:: Your goal ::
Return a verbatim reproduction of each line, starting at the line with "Die Scheidung Gemälde" and ending at the last line of the listing below.

:: Information supplied ::
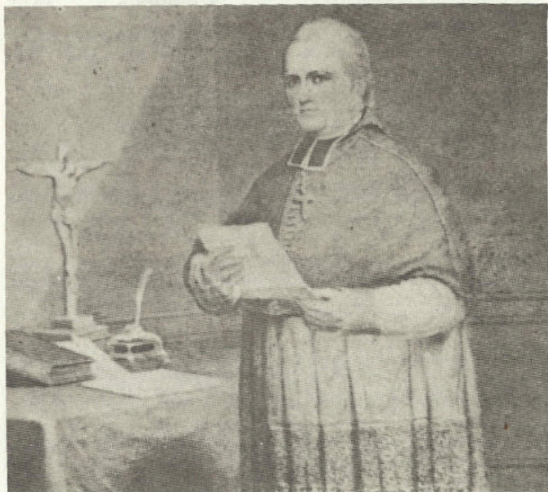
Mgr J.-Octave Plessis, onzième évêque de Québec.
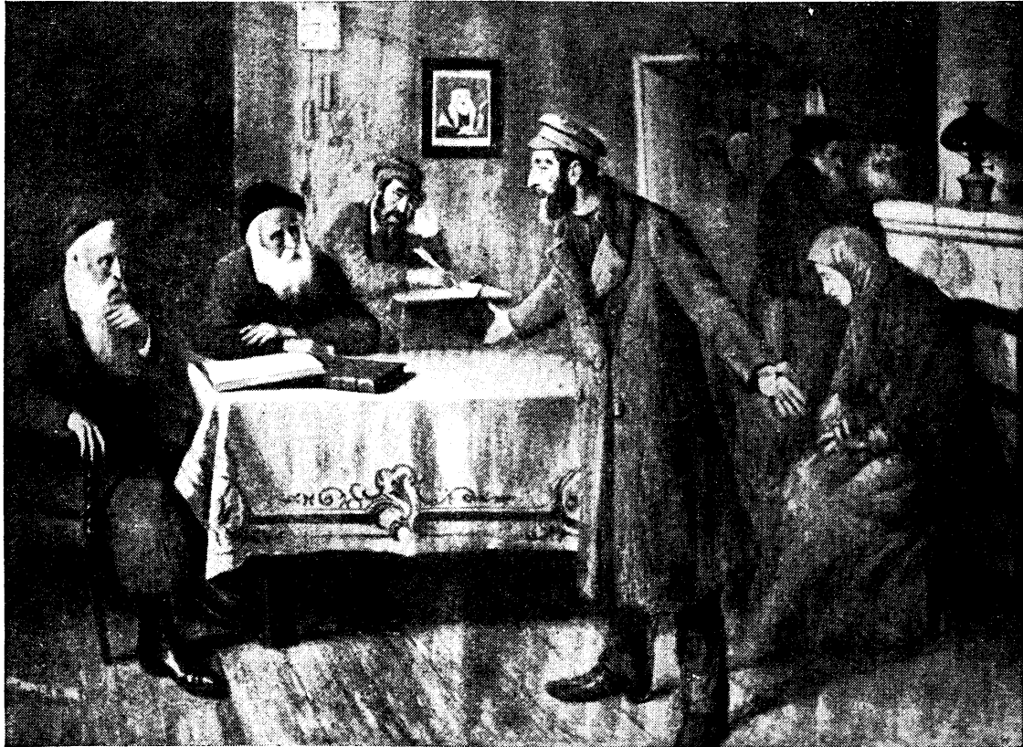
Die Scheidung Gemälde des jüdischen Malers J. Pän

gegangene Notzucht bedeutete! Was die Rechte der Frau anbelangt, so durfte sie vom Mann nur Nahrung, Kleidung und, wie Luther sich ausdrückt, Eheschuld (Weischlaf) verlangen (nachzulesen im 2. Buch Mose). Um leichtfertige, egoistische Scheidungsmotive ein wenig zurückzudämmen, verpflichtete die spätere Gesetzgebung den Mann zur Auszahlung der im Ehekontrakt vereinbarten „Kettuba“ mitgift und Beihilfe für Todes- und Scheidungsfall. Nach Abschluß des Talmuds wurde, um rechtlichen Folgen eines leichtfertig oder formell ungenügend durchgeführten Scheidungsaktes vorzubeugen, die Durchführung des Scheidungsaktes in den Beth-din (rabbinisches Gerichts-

:: Answer to this problem ::
Die Scheidung Gemälde des jüdischen Malers J. Pän

gegangene Notzucht bedeutete! Was die Rechte der Frau anbelangt, so durfte sie vom Mann nur Nahrung, Kleidung und, wie Luther sich ausdrückt, Eheschuld (Weischlaf) verlangen (nachzulesen im 2. Buch Mose). Um leichtfertige, egoistische Scheidungsmotive ein wenig zurückzudämmen, verpflichtete die spätere Gesetzgebung den Mann zur Auszahlung der im Ehekontrakt vereinbarten „Kettuba“ mitgift und Beihilfe für Todes- und Scheidungsfall. Nach Abschluß des Talmuds wurde, um rechtlichen Folgen eines leichtfertig oder formell ungenügend durchgeführten Scheidungsaktes vorzubeugen, die Durchführung des Scheidungsaktes in den Beth-din (rabbinisches Gerichts-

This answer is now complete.